Washington, D.C., December 7, 2009 — The Manufactured Housing Association for Regulatory Reform (MHARR) has widened its inquiry into the ongoing coercion of manufactured housing producers by HUD regulators and agents under the guise of “voluntary” cooperation. Any such “request” by regulators within a comprehensive regulatory system for “voluntary” action above and beyond existing regulations, without a specific document that has gone through the rigors of rulemaking, is accurately perceived, by the regulated party, as pressure and coercion.
Such coercion of manufacturers in their production facilities — designed to pressure them to accept and implement costly new production oversight practices not required by current program regulations — had its genesis in 2008 and has expanded and intensified during 2009… These new practices, which would significantly increase regulatory compliance costs without any corresponding benefit for consumers, at a time when consumers are having unprecedented difficulty qualifying for scarce mortgage financing, have not been reviewed or recommended by the Manufactured Housing Consensus Committee (MHCC) — representing a cross-section of HUD program stakeholders — as required by the 2000 reform of the manufactured housing law. They are also related to a HUD proposal for a major expansion of the current manufactured housing Procedural and Enforcement Regulations that failed, in a September 2009 ballot, to gain the consensus support of the MHCC.

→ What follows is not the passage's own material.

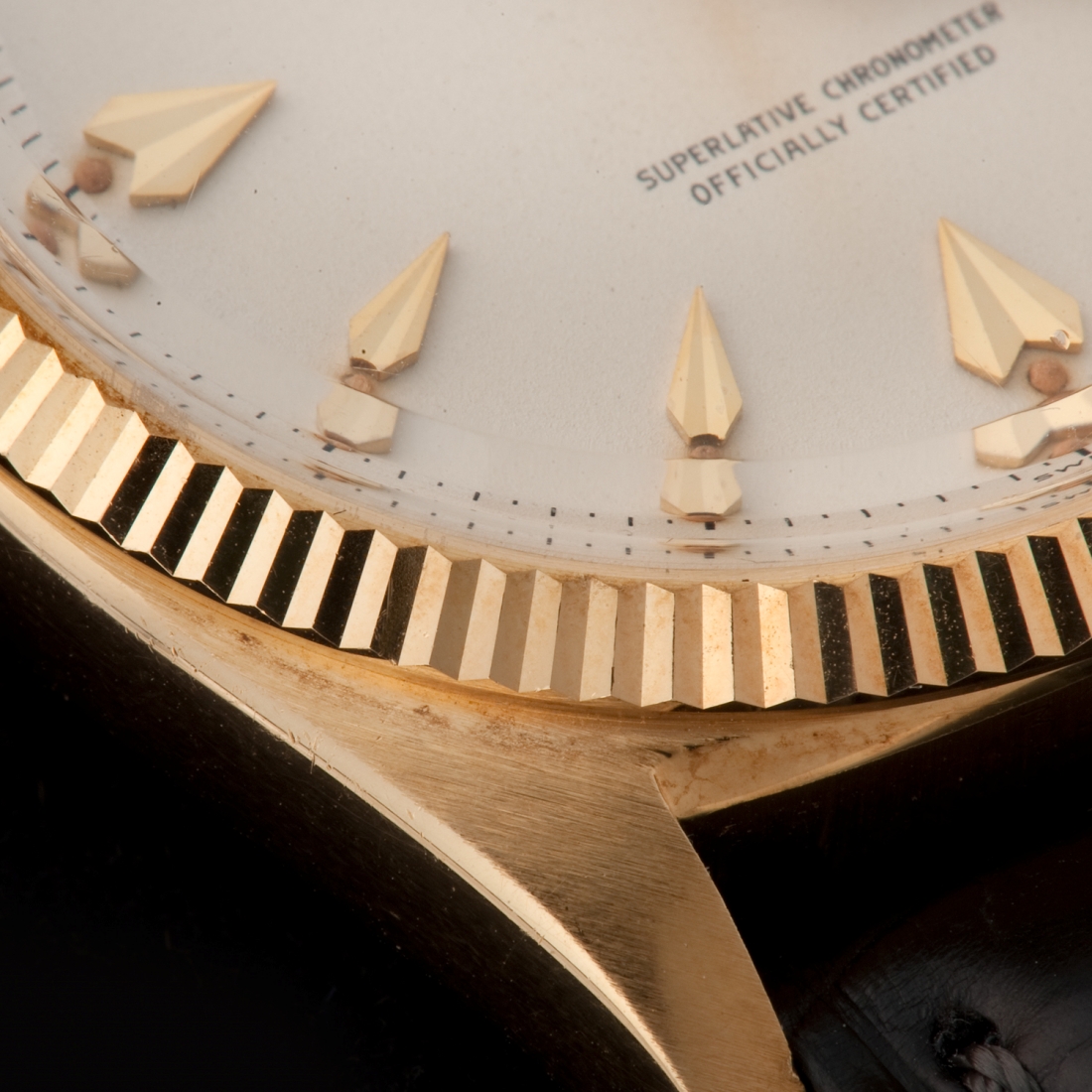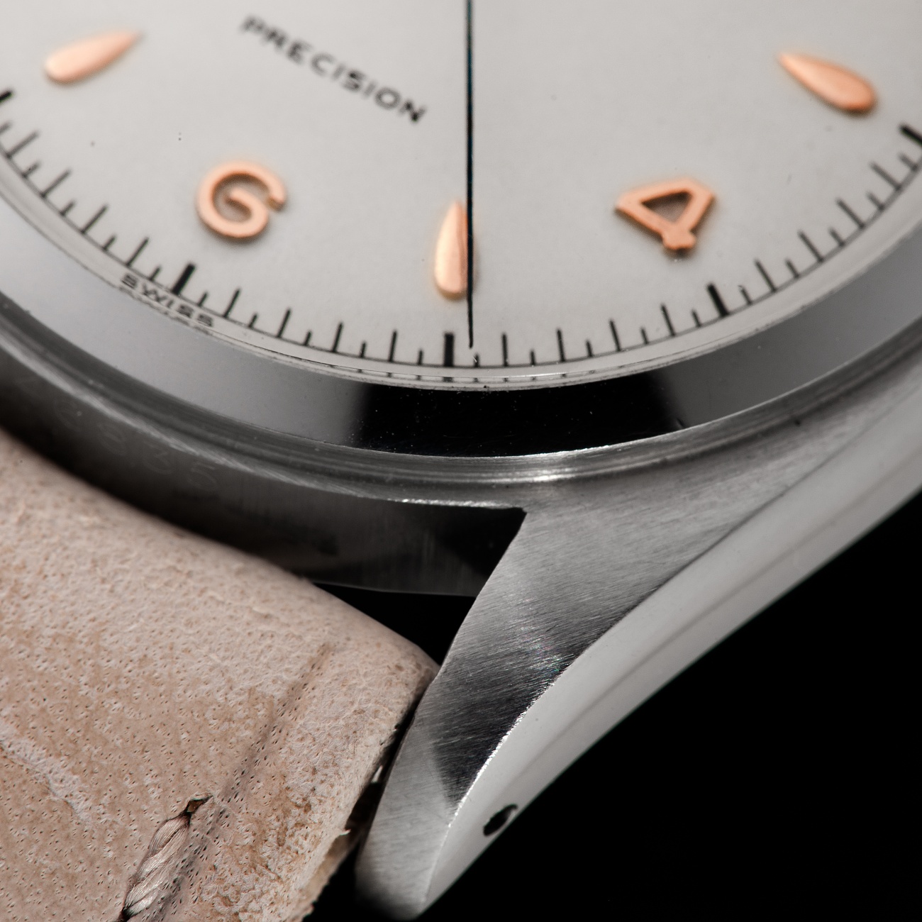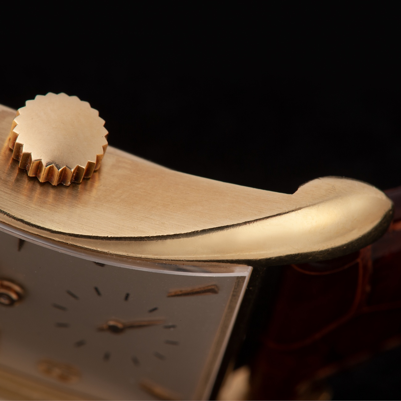 1950年代を代表するギョウシェダイアルを採用した時計ですが、18K素材のケースはダイアルと同様の立体的な彫りを加えたベゼルが最大の特徴です。幅広に設けたベゼルには面取りを加えた格子模様が三重に施されており、過度な仕上げを経ていないケースコンディションの為、立体的なベゼルの意匠をはじめ本来のシェイプが保たれております。

As a result, MHARR has called upon HUD’s General Counsel to review and halt this activity, which unfairly pressures manufacturers to conform to requirements that substantially exceed current program regulations and, at the same time, threaten to create a lopsided regulatory playing field for producers within a highly competitive industry.
This latest MHARR initiative closely follows and expands upon the Association’s October 26, 2009 request to HUD under the Freedom of Information Act (FOIA) to disclose a wide array of documents relating to the genesis of this activity, including materials reflecting the substance of — and participation in — closed-door or other meetings involving HUD regulators, the program monitoring contractor, and third-party Primary Inspection Agencies (PIAs).
In Washington, D.C., MHARR stated: “At a time when the manufactured housing industry is suffering through the worst decline in its history and consumers of affordable housing — particularly lower and moderate-income families — are having unprecedented difficulty qualifying for mortgage financing, manufacturers should not be pressured to adopt costly changes that have not been subject to the rigors of rulemaking. While any manufacturer that wishes, on its own, to adopt production oversight changes on a truly voluntary basis should be free to do so, the initiative for such changes should come from the manufacturer, not regulators.”
The Manufactured Housing Association for Regulatory Reform is a Washington, D.C.-based trade association representing the views and interests of producers of federally-regulated manufactured housing.